Recorded information section start

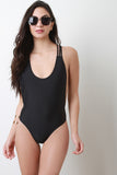This one piece swimsuit features a scoop neckline, 3-spaghetti shoulder straps, backless crisscross caged design, and cheeky back. Accessories sold separately. Made in U.S.A. 80% Nylon, 20% Spandex. Lining: 100% Polyester.
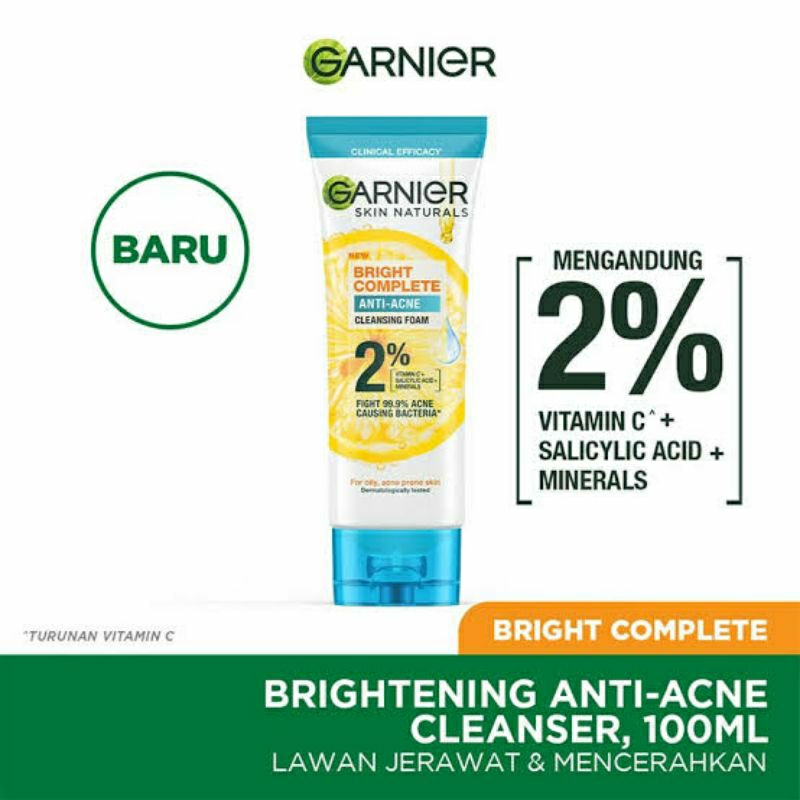 Masalah kulit berjerawat memang sering di alami banyak orang dan menjadi hal yang menyebalkan. Oleh karena itu, Garnier mencoba menghadirkan face wash untuk kulit berjerawat yaitu Garnier Bright Complete Anti Acne Face Wash. Produk ini mengandung Anti Acne pertama dari Garnier dengan kandungan Vitamin C dan Salicylic Acid. Tidak hanya untuk masalah berjerawat, Face Wasah Garnier Bright Complete cocok untuk jenis kulit berminyak. Selain itu, manfaat lainnya pun bisa mencerahkan kulit kusam, mengatasi bakteri penyebab jerawat dan membersihkan pori – pori secara menyeluruh.
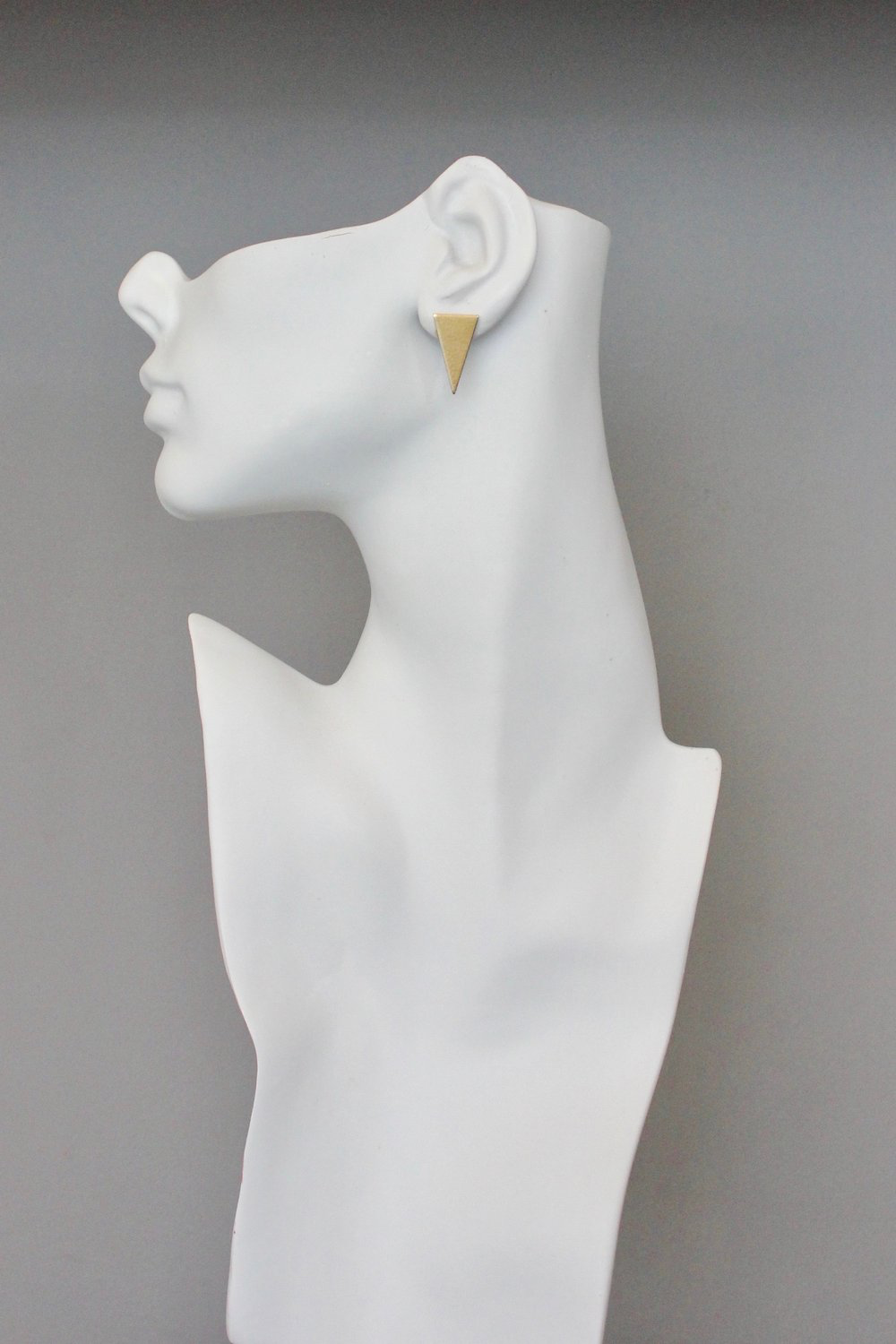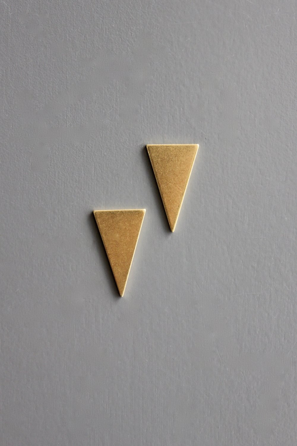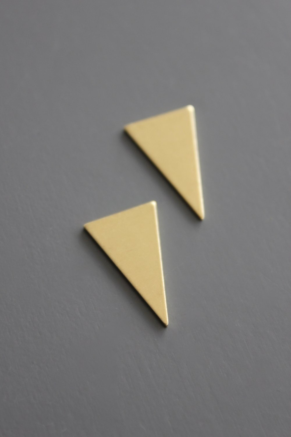 triangle brass with hypollergenic surgical steel post earrings. 7/8 X 1/2 inch.

Recorded information section end

• Assignment: Take the data above and set it down exactly, images excluded.

• Final answer:
This one piece swimsuit features a scoop neckline, 3-spaghetti shoulder straps, backless crisscross caged design, and cheeky back. Accessories sold separately. Made in U.S.A. 80% Nylon, 20% Spandex. Lining: 100% Polyester.
 Masalah kulit berjerawat memang sering di alami banyak orang dan menjadi hal yang menyebalkan. Oleh karena itu, Garnier mencoba menghadirkan face wash untuk kulit berjerawat yaitu Garnier Bright Complete Anti Acne Face Wash. Produk ini mengandung Anti Acne pertama dari Garnier dengan kandungan Vitamin C dan Salicylic Acid. Tidak hanya untuk masalah berjerawat, Face Wasah Garnier Bright Complete cocok untuk jenis kulit berminyak. Selain itu, manfaat lainnya pun bisa mencerahkan kulit kusam, mengatasi bakteri penyebab jerawat dan membersihkan pori – pori secara menyeluruh.
 triangle brass with hypollergenic surgical steel post earrings. 7/8 X 1/2 inch.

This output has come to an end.